• [TASK GOAL]: Using the entries that follow, collect the lines where the word "home" appears.

• [DATA FOR ANALYSIS]:

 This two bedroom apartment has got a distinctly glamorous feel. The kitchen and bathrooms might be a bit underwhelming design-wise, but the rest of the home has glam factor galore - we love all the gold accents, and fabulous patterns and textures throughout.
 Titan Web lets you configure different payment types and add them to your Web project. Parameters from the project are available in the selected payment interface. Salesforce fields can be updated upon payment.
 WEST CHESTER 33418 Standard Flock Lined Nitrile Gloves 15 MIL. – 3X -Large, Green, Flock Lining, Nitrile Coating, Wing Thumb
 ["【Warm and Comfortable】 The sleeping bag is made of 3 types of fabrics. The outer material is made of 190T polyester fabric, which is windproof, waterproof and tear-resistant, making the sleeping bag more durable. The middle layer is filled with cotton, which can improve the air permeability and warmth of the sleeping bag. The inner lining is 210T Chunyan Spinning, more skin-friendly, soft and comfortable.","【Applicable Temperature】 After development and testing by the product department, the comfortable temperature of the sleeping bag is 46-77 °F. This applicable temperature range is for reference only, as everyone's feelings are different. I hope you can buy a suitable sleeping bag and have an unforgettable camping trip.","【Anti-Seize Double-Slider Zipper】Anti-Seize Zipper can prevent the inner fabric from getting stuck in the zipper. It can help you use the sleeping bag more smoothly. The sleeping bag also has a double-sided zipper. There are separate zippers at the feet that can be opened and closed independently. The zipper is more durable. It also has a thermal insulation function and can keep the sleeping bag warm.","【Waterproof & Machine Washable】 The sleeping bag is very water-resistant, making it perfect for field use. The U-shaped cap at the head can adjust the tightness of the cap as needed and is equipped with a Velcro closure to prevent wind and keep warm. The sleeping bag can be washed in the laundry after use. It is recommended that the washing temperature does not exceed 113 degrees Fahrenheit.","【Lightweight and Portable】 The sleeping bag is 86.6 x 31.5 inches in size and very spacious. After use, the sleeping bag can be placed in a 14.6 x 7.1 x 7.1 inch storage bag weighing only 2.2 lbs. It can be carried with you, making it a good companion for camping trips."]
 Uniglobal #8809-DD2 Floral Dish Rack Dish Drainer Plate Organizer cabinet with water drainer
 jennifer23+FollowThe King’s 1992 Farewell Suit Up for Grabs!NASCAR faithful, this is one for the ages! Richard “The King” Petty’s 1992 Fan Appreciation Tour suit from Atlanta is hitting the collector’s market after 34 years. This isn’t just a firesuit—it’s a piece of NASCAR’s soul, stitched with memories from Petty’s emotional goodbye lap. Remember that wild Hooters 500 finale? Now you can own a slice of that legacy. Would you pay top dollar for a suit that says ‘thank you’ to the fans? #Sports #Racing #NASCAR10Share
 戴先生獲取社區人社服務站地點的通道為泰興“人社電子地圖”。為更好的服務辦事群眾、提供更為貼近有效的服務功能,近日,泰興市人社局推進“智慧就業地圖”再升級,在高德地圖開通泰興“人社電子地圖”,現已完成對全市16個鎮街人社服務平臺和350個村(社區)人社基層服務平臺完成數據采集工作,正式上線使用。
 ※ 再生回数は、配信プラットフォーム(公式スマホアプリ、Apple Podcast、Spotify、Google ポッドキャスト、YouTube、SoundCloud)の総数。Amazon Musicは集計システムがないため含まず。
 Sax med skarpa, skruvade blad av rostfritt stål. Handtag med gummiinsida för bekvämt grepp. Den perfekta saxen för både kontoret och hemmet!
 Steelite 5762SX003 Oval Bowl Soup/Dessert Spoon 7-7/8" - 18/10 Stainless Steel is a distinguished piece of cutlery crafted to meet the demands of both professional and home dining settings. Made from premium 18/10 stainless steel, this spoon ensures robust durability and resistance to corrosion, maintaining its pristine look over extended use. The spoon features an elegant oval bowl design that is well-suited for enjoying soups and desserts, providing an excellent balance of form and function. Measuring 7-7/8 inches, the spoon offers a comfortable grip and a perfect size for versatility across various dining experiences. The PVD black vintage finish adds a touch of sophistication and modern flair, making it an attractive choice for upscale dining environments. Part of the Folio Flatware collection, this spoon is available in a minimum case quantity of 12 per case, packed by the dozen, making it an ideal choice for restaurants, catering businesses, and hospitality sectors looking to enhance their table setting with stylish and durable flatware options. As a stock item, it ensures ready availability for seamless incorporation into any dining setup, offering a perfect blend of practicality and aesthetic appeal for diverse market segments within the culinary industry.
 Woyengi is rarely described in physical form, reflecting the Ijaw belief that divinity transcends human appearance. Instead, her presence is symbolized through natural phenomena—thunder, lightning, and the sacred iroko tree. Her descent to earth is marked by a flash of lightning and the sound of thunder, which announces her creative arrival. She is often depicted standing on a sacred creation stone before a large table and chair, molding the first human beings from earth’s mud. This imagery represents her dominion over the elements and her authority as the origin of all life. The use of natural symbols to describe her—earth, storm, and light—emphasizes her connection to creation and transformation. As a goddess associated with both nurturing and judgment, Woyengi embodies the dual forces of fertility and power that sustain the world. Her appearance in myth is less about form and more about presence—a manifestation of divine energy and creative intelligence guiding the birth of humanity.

• [TASK RESULT]:
 This two bedroom apartment has got a distinctly glamorous feel. The kitchen and bathrooms might be a bit underwhelming design-wise, but the rest of the home has glam factor galore - we love all the gold accents, and fabulous patterns and textures throughout.
 Steelite 5762SX003 Oval Bowl Soup/Dessert Spoon 7-7/8" - 18/10 Stainless Steel is a distinguished piece of cutlery crafted to meet the demands of both professional and home dining settings. Made from premium 18/10 stainless steel, this spoon ensures robust durability and resistance to corrosion, maintaining its pristine look over extended use. The spoon features an elegant oval bowl design that is well-suited for enjoying soups and desserts, providing an excellent balance of form and function. Measuring 7-7/8 inches, the spoon offers a comfortable grip and a perfect size for versatility across various dining experiences. The PVD black vintage finish adds a touch of sophistication and modern flair, making it an attractive choice for upscale dining environments. Part of the Folio Flatware collection, this spoon is available in a minimum case quantity of 12 per case, packed by the dozen, making it an ideal choice for restaurants, catering businesses, and hospitality sectors looking to enhance their table setting with stylish and durable flatware options. As a stock item, it ensures ready availability for seamless incorporation into any dining setup, offering a perfect blend of practicality and aesthetic appeal for diverse market segments within the culinary industry.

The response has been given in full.